Эта война, то разгораясь, то затухая, тянулась 11 лет и стоила империи огромных жертв. Тысячи перебежчиков и дезертиров переходили на сторону «варваров». Дунайские провинции, Фракия, Македония, Ахайя, Галлия подвергались опустошению. Опасность угрожала Италии. Многим казалось, что вернулись времена Пунических войн. Чума, голод, пророчества, слухи о «чудесах» и «знамениях» усиливали смятение Марк Аврелий старался разъединить своих противников, и в известной мере это ему удавалось. Но, несмотря на то, что в глазах современников он остался победителем, ему пришлось пойти на ряд уступок —одним племенам он даровал римское гражданство, других освободил от податей, третьим обязался выплачивать субсидию деньгами и зерном.
Захваченные во время войн пленные расселялись в качестве колонов на государственных землях в пограничных провинциях и в Северной Италии. То, что пленные на этот раз не обращались в рабов, а использовались в качестве колонов, было одним из симптомов надвигавшегося кризиса рабовладельческого строя. Некоторая часть пленных была включена в римскую армию и отослана в отдалённые провинции.

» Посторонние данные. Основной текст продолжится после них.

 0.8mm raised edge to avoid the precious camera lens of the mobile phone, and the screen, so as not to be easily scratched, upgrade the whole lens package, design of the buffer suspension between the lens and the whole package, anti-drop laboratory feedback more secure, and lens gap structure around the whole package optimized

Через некоторое время поселённые в Италии «варвары» подняли восстание, так что в дальнейшем иноплеменников избегали селить в опасной близости к Риму. Но в провинциях эта практика продолжала применяться во всё возрастающих масштабах.

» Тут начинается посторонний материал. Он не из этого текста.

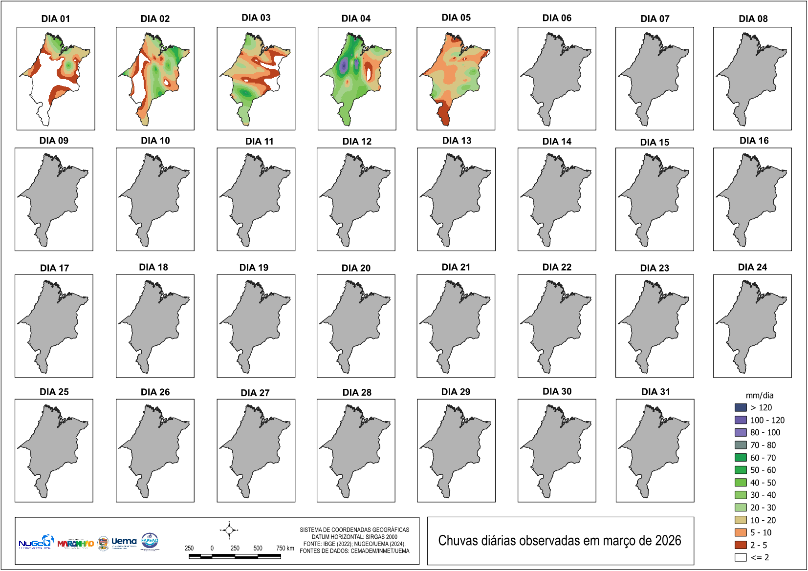 TABELA DAS CHUVAS EM MARÇO DE 2026 NO ESTADO DO MARANHÃO (mm)

С правления Марка Аврелия начинается новый этап как во внутренней жизни империи, где всё явственней сказывается кризис рабовладельческой системы, так и в истории её взаимоотношений с соседними народами. Эти народы и племена усиливают свой нажим на границы империи. С другой стороны, всё больше германцев, сарматов и других «варваров» становится в империи солдатами и земледельцами. Они вступают в союз с широкими массами рабов, крестьян, колонов, поднимающихся против имперской знати и рабовладельческого государства.